Everything in the data gets repeated exactly, except for the pictures.
####
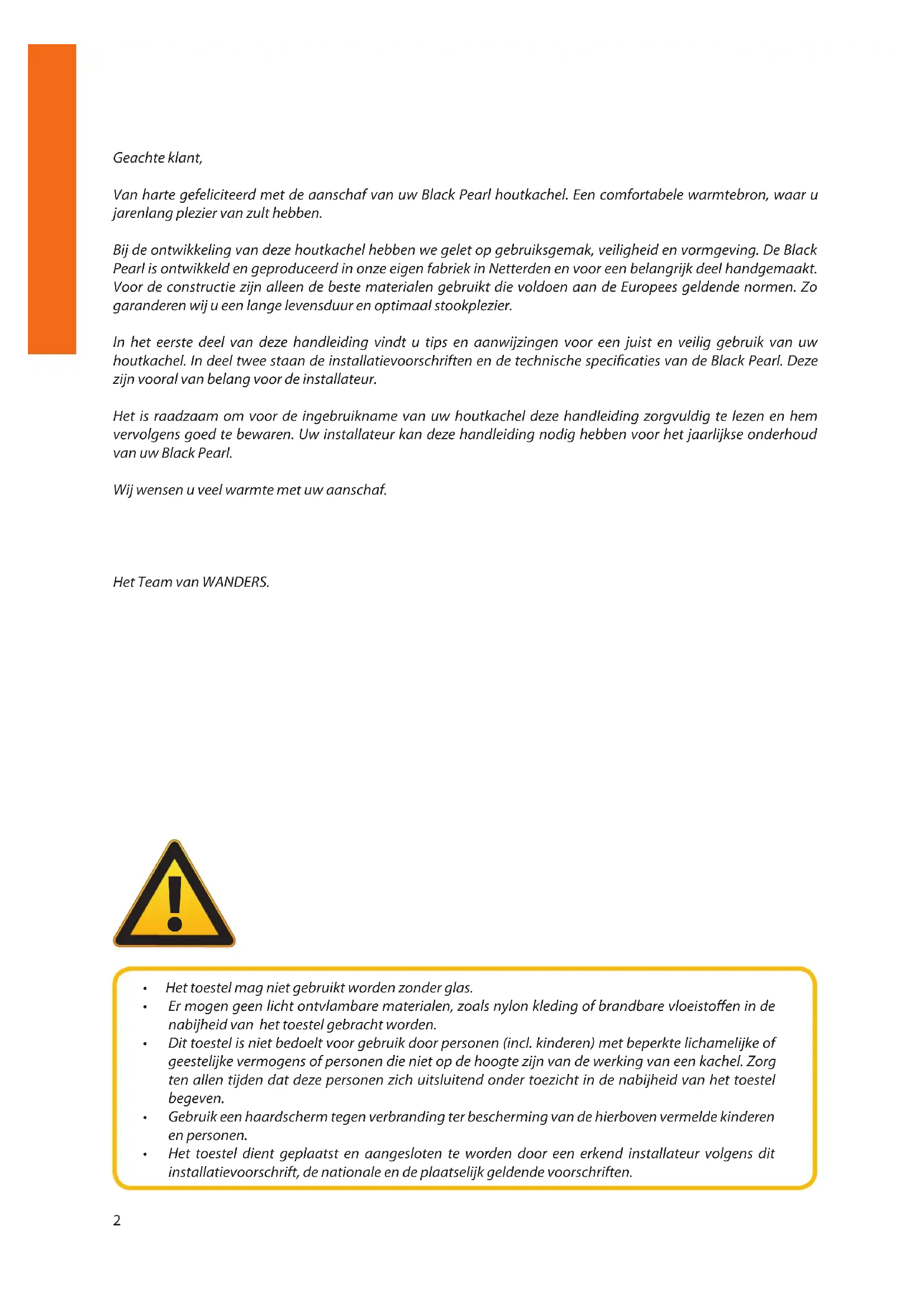 Handleiding en installatievoorschriften 2 Users guide and installation manual 16 Mode d’emploi et instructions d’installation 30 Bedienungsanleitung und Installationsvorschriften 452 Geachte klant, Van harte gefeliciteerd met de aanschaf van uw Black Pearl houtkachel. Een comfortabele warmtebron, waar u jarenlang plezier van zult hebben. Bij de ontwikkeling van deze houtkachel hebben we gelet op gebruiksgemak, veiligheid en vormgeving. De Black Pearl is ontwikkeld en geproduceerd in onze eigen fabriek in Netterden en voor een belangrijk deel handgemaakt. Voor de constructie zijn alleen de beste materialen gebruikt die voldoen aan de Europees geldende normen. Zo garanderen wij u een lange levensduur en optimaal stookplezier. In het eerste deel van deze handleiding vindt u tips en aanwijzingen voor een juist en veilig gebruik van uw houtkachel. In deel twee staan de installatievoorschriften en de technische specicaties van de Black Pearl. Deze zijn vooral van belang voor de installateur. Het is raadzaam om voor de ingebruikname van uw houtkachel deze handleiding zorgvuldig te lezen en hem vervolgens goed te bewaren. Uw installateur kan deze handleiding nodig hebben voor het jaarlijkse onderhoud van uw Black Pearl. Wij wensen u veel warmte met uw aanschaf. Het Team van WANDERS.
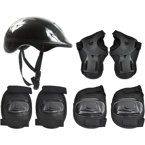 Ele é ideal para prática de patins, skate e bicicleta, tem formato anatômico, com revestimento e costuras reforçadas para evitar desgastes. Acompanha capacete cotoveleiras, joelheiras e munhequeiras.
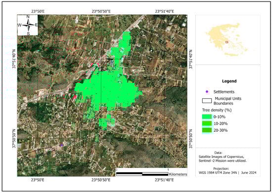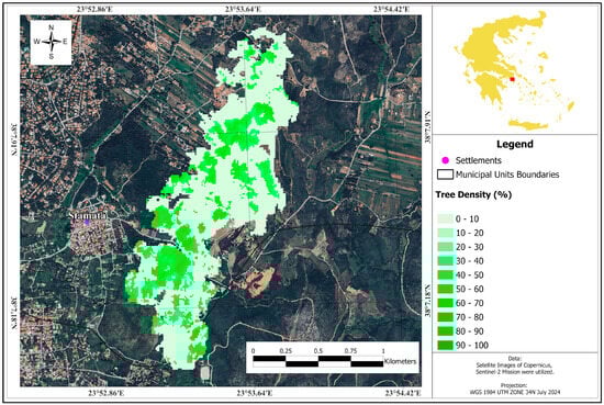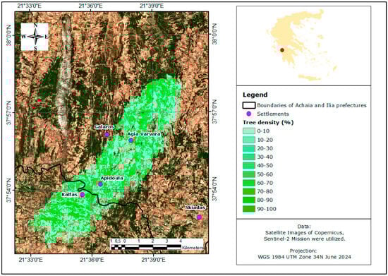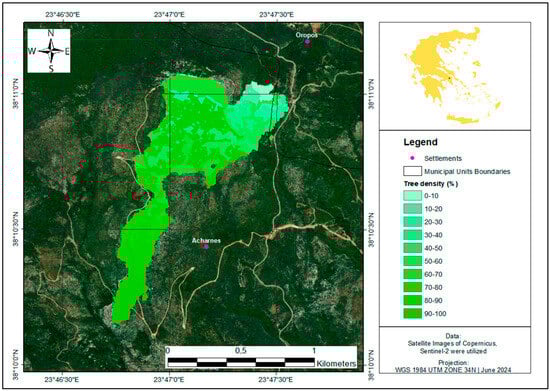 In this study, the Tree Cover Density (TCD) of the burnt areas was analysed using relevant data provided by the Copernicus program (Table 1). The TCD 2018 dataset quantifies tree cover density on a scale ranging from 0% (non-tree covered areas) to 100% (areas fully covered by trees). Similar to other dataset utilized in this research, the TCD 2018 data is openly accessible and provided by the ESA in raster format with a resolution of 10 m. cell size [44]. The accuracy of the TCD 2018 product has been internally validated before public release, ensuring its reliability. According to the TCD 2018 product user manual [45], the validation process is based on omission (user’s accuracy) and commission (producer’s accuracy) errors, with a target accuracy threshold above 90%. The metadata documentation for the 10 m dataset used in this study [46] reports an overall accuracy of 96.43% with a 95% confidence level, further reinforcing the robustness of this dataset for wildfire impact assessments.
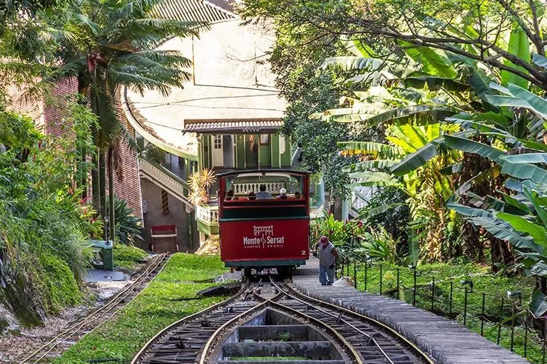 São quatro minutos de pura emoção, subindo de bondinho os 147 metros da encosta do Monte Serrat rumo ao topo, onde estão o antigo cassino e o Santuário de Nossa Senhora do Monte Serrat, padroeira de Santos, construído há mais de 400 anos. Você também pode subir por uma escadaria com 402 degraus e 14 nichos reproduzindo cenas da Via Sacra, inaugurados entre 1939 e 1941, e uma vista de 360 graus da cidade, de tirar o fôlego – é possível ver também parte dos municípios de São Vicente, Cubatão e Guarujá.
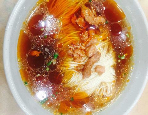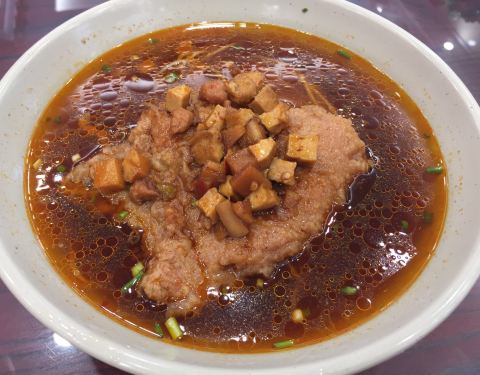 莘庄丽宝广场开了家很大的老盛兴 是我见到的魔都最大一家老盛兴了 面积大 品种也丰富 小吃 面条 盖浇饭 时令冷面 应有尽有 光收银台就有三名员工轮番 不过只能现金 貌似连刷卡功能都没有 更别提什么支付宝 单浇双浇 小笼生煎炸猪排 却没发现锅贴的身影 位子多 随意坐 拼桌难免 桌上有桌号夹 坐定后叫服务员 等食物吧 要了一份 大排三丁面 17元 属于双浇面 苏氏细面 红汤底 有三丁的微微甜辣 三丁里有豆腐干肉丁笋丁 笋丁放的极好;大排微微裹了面粉 但肉质细嫩 感觉也是调味过的 略带甜味 午市生意爆好 堂吃坐满 打包的也多
####
Reply to the exercise ::
 Handleiding en installatievoorschriften 2 Users guide and installation manual 16 Mode d’emploi et instructions d’installation 30 Bedienungsanleitung und Installationsvorschriften 452 Geachte klant, Van harte gefeliciteerd met de aanschaf van uw Black Pearl houtkachel. Een comfortabele warmtebron, waar u jarenlang plezier van zult hebben. Bij de ontwikkeling van deze houtkachel hebben we gelet op gebruiksgemak, veiligheid en vormgeving. De Black Pearl is ontwikkeld en geproduceerd in onze eigen fabriek in Netterden en voor een belangrijk deel handgemaakt. Voor de constructie zijn alleen de beste materialen gebruikt die voldoen aan de Europees geldende normen. Zo garanderen wij u een lange levensduur en optimaal stookplezier. In het eerste deel van deze handleiding vindt u tips en aanwijzingen voor een juist en veilig gebruik van uw houtkachel. In deel twee staan de installatievoorschriften en de technische specicaties van de Black Pearl. Deze zijn vooral van belang voor de installateur. Het is raadzaam om voor de ingebruikname van uw houtkachel deze handleiding zorgvuldig te lezen en hem vervolgens goed te bewaren. Uw installateur kan deze handleiding nodig hebben voor het jaarlijkse onderhoud van uw Black Pearl. Wij wensen u veel warmte met uw aanschaf. Het Team van WANDERS.
 Ele é ideal para prática de patins, skate e bicicleta, tem formato anatômico, com revestimento e costuras reforçadas para evitar desgastes. Acompanha capacete cotoveleiras, joelheiras e munhequeiras.
 In this study, the Tree Cover Density (TCD) of the burnt areas was analysed using relevant data provided by the Copernicus program (Table 1). The TCD 2018 dataset quantifies tree cover density on a scale ranging from 0% (non-tree covered areas) to 100% (areas fully covered by trees). Similar to other dataset utilized in this research, the TCD 2018 data is openly accessible and provided by the ESA in raster format with a resolution of 10 m. cell size [44]. The accuracy of the TCD 2018 product has been internally validated before public release, ensuring its reliability. According to the TCD 2018 product user manual [45], the validation process is based on omission (user’s accuracy) and commission (producer’s accuracy) errors, with a target accuracy threshold above 90%. The metadata documentation for the 10 m dataset used in this study [46] reports an overall accuracy of 96.43% with a 95% confidence level, further reinforcing the robustness of this dataset for wildfire impact assessments.
 São quatro minutos de pura emoção, subindo de bondinho os 147 metros da encosta do Monte Serrat rumo ao topo, onde estão o antigo cassino e o Santuário de Nossa Senhora do Monte Serrat, padroeira de Santos, construído há mais de 400 anos. Você também pode subir por uma escadaria com 402 degraus e 14 nichos reproduzindo cenas da Via Sacra, inaugurados entre 1939 e 1941, e uma vista de 360 graus da cidade, de tirar o fôlego – é possível ver também parte dos municípios de São Vicente, Cubatão e Guarujá.
 莘庄丽宝广场开了家很大的老盛兴 是我见到的魔都最大一家老盛兴了 面积大 品种也丰富 小吃 面条 盖浇饭 时令冷面 应有尽有 光收银台就有三名员工轮番 不过只能现金 貌似连刷卡功能都没有 更别提什么支付宝 单浇双浇 小笼生煎炸猪排 却没发现锅贴的身影 位子多 随意坐 拼桌难免 桌上有桌号夹 坐定后叫服务员 等食物吧 要了一份 大排三丁面 17元 属于双浇面 苏氏细面 红汤底 有三丁的微微甜辣 三丁里有豆腐干肉丁笋丁 笋丁放的极好;大排微微裹了面粉 但肉质细嫩 感觉也是调味过的 略带甜味 午市生意爆好 堂吃坐满 打包的也多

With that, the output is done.